AIM OF THE TASK: Pictures must not appear in the copy. Reproduce exactly, and only, the lines from the one with "Michigan Wolverines Snoopy" through the end of the data below.

---- GIVEN DATA

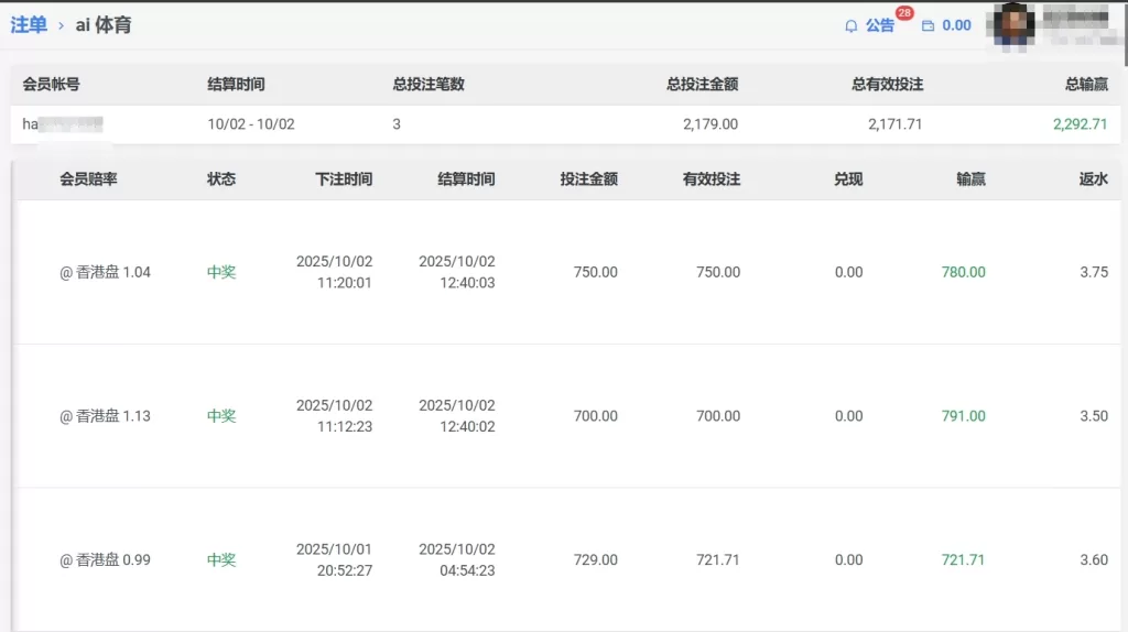 • ai 体育会員ha**** 篮球 单日盈利22922025年10月2日
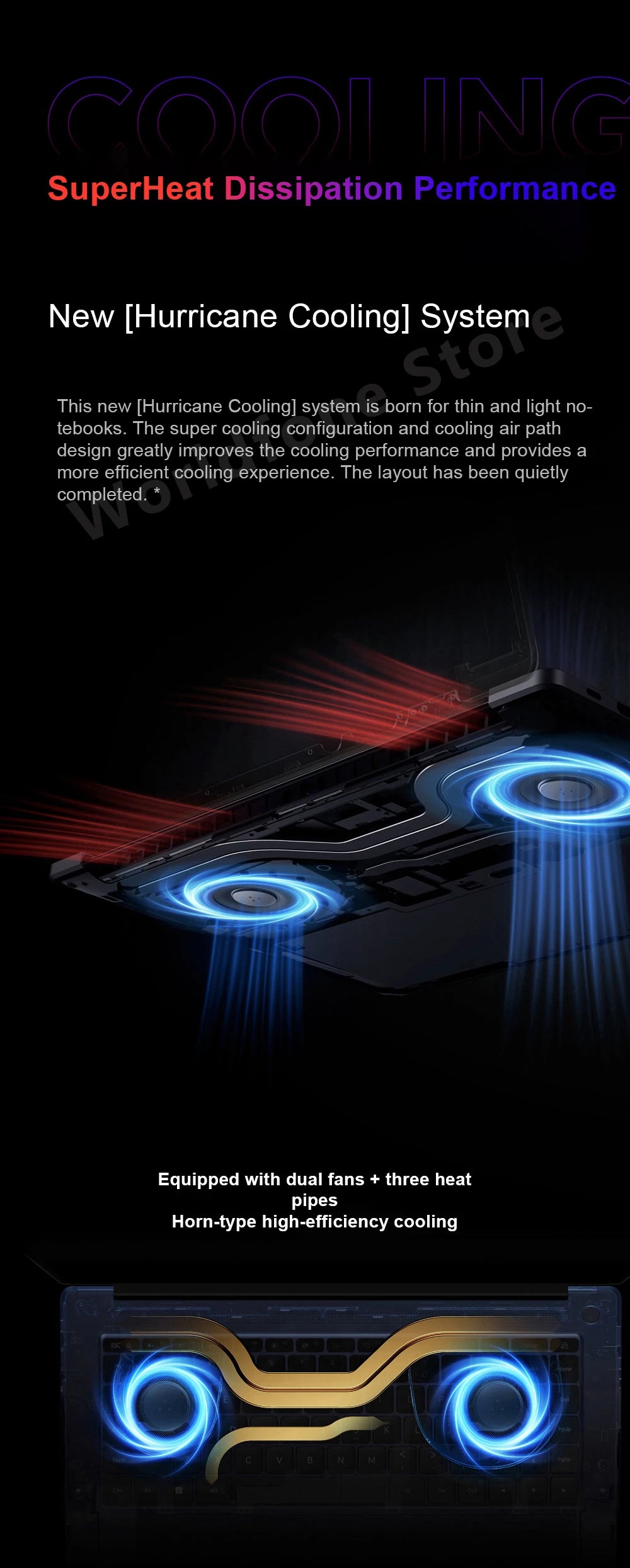 This new [Hurricane Cooling] system is born for thin and light notebooks.The super cooling configuration and cooling air pathdesign greatly improves the cooling performance and provides amore efficient cooling experience.The layout has been quietlycompleted.*
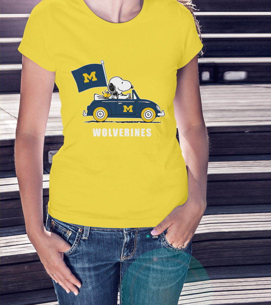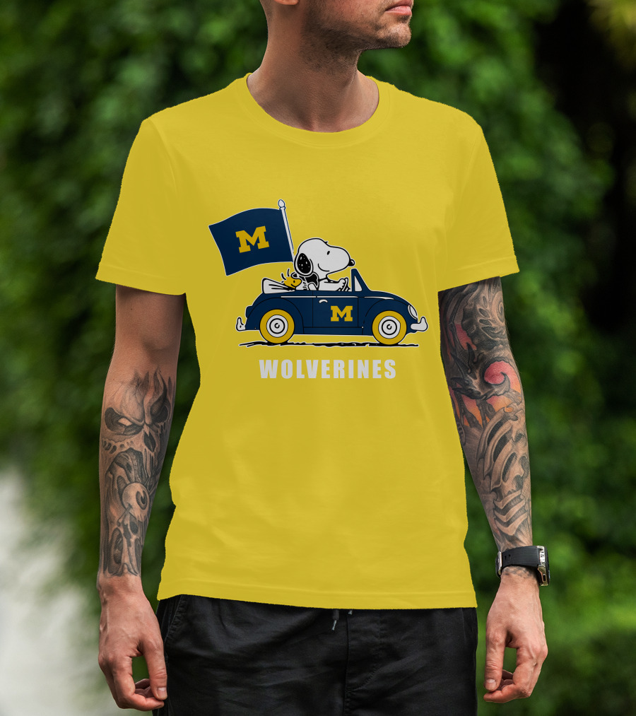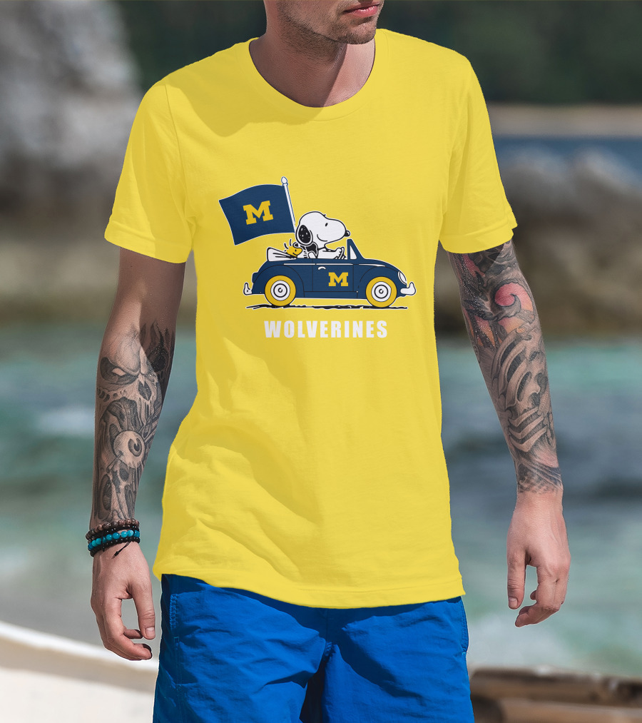 Michigan Wolverines Snoopy Driving With Flag T-Shirt
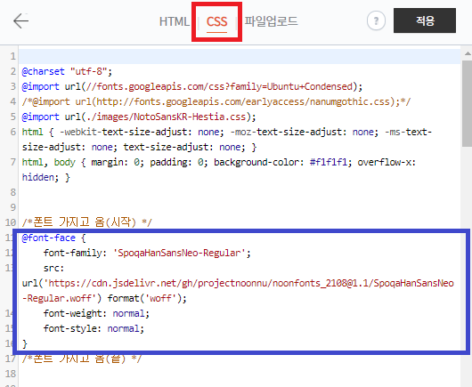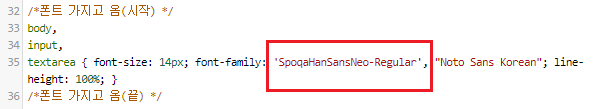 그리고 상기의 위치를 찾아서 폰트 사이트에서 복사한 코드를 붙여 넣기 합니다. 파란색 마킹이 폰트 사이트에서 복사한 코드입니다.

--------

WRITTEN SOLUTION:
 Michigan Wolverines Snoopy Driving With Flag T-Shirt
 그리고 상기의 위치를 찾아서 폰트 사이트에서 복사한 코드를 붙여 넣기 합니다. 파란색 마킹이 폰트 사이트에서 복사한 코드입니다.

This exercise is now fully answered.